Louise Chow was born in Hunan Province, China and got an undergraduate degree in Agricultural Chemistry from National Taiwan University before moving to the United States to pursue a graduate degree in Chemistry from the California Institute of Technology. Her thesis work involved developing techniques to use electron microscopy to visualize gene organization in bacteria and bacteriophages (you might remember “phages” from last week’s profile of Martha Chase).

After graduating, she took a post-doctoral position at the University of California, San Francisco (UCSF), and then joined Cold Spring Harbor Laboratory (CSHL) in 1975 with her husband and fellow scientist Thomas Broker. It was here at CSHL that she performed the groundbreaking work that undoubtedly was crucial to “Robert’s” discovery of splicing, and for which many people believe she deserved a share of the Nobel Prize.

In order to make a protein, the DNA in genes is first copied into an RNA intermediary called messenger RNA (mRNA). Initially, this RNA contains “extra segments” called introns between the “exons” that actually code for the protein. RNA splicing is the process by which the introns are removed to make mature mRNA that can be translated into functional protein.
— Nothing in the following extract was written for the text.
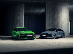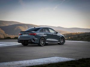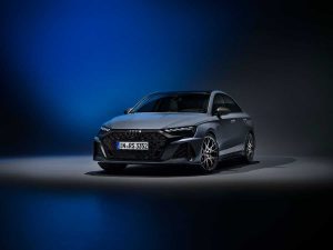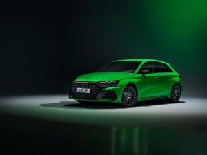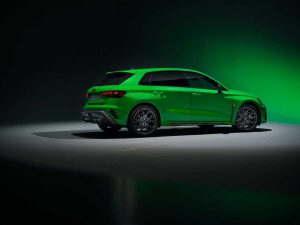 La expresiva carrocería se ve acentuada gracias a los colores exteriores específicos RS Verde Kyalami y Gris Kemora, las nuevas pinturas metalizadas Azul Ascari y Rojo Progresivo y el Gris Daytona, así como el Amarillo Pitón o Negro Mito. El Singleframe y el difusor tienen un acabado negro, que puede ser de alto brillo o mate. El RS 3 equipa de serie llantas de fundición de aluminio de 19 pulgadas en negro mate con un diseño de 5 radios en Y. Opcionalmente, las llantas están disponibles en un diseño inspirado en el automovilismo deportivo, algo ya conocido a través de la edición RS 3 performance, con diez radios en cruz y acabadas en gris oscuro mate o en negro metalizado brillante en acabado bicolor. Los paquetes de carbono y negro de alto brillo que adornan las tomas de aire delanteras, los faldones laterales y la lama sobre el difusor ofrecen aún más individualidad y se complementan con las carcasas de los retrovisores exteriores en el color de la carrocería, negro o carbono.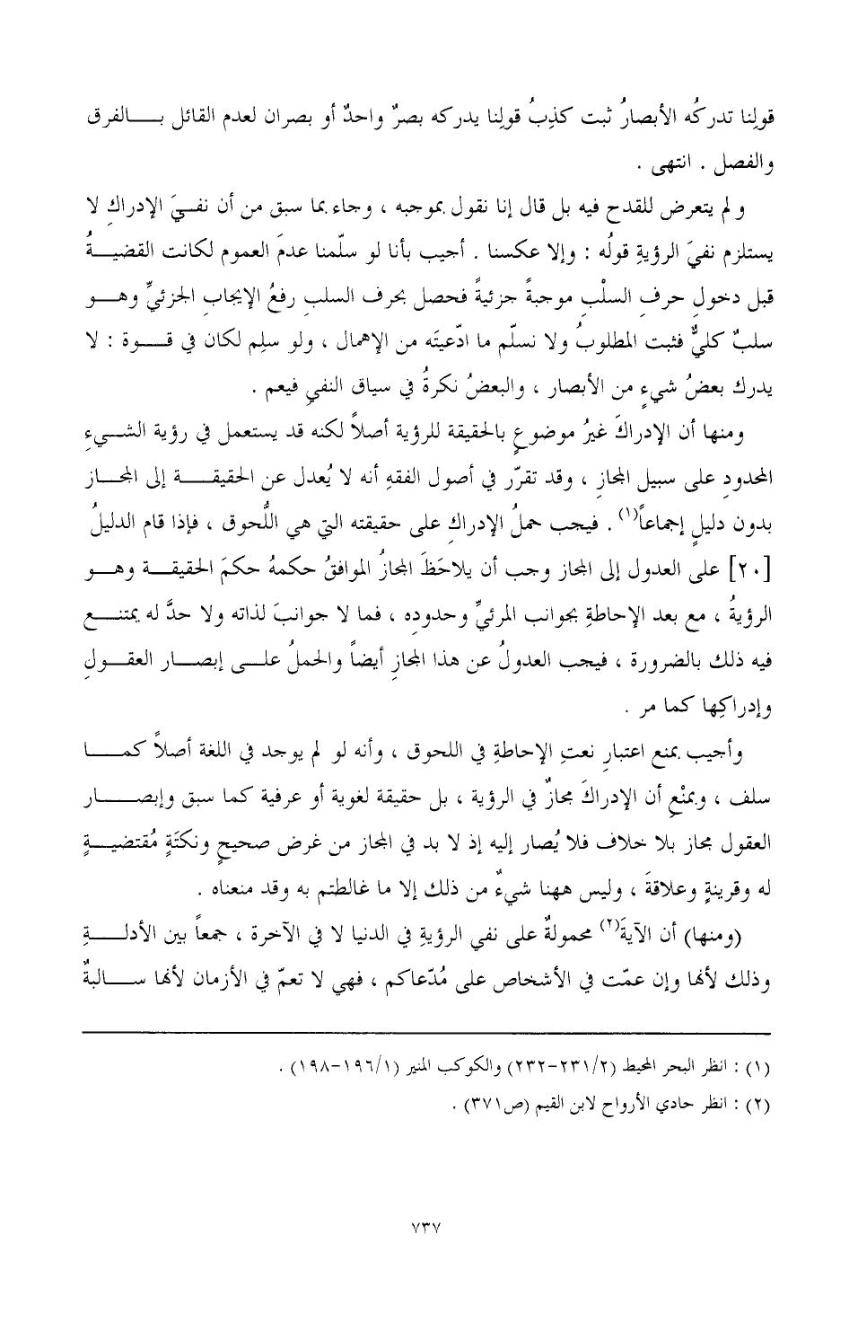 ومنها أن الإدراك غير موضوع بالحقيقة للرؤية أصلا لكنه قد يستعمل في رؤية الشيء المحدود على سبيل المجاز، وقد تقرر في أصول الفقه أنه لا يعدل عن الحقيقة إلى المجاز بدون دليل إجماعا (¬1) فيجب حمل الإدراك على حقيقته التي هي اللحوق، فإذا قام الدليل [20] على العدول إلى المجاز وجب أن يلاحظ المجاز الموافق حكمه حكم الحقيقة وهو الرؤية، مع بعد الاحاطة بجوانب المرئي وحدوده، فما لا جوانب لذاته ولا حد له يمتنع فيه ذلك بالضرورة، فيجب العدول عن هذا المجاز أيضًا والحمل على إبصار العقول وإدراكها كما مر.

Chow and Roberts working at CSHL and Phillip Sharp and his team working at MIT independently discovered this process in 1977. Using electron microscopy methods she’d been perfecting for years, Chow set up the experiments and took images that directly showed splicing taking place.

The finding was revolutionary and an eventual Nobel Prize was almost a given. But whom to award it to? It was agreed that Roberts & Sharp would share pieces, and many people felt that Chow also deserved a share. But, the argument went, if they gave Chow a piece, wouldn’t they have to give Susan Berget, the electron microscopist working with Sharp, a share? And you can’t split a Nobel 4-way, so the men deciding whom to nominate decided to exclude Chow rather than incite controversy over why they chose to award one woman but not the other1.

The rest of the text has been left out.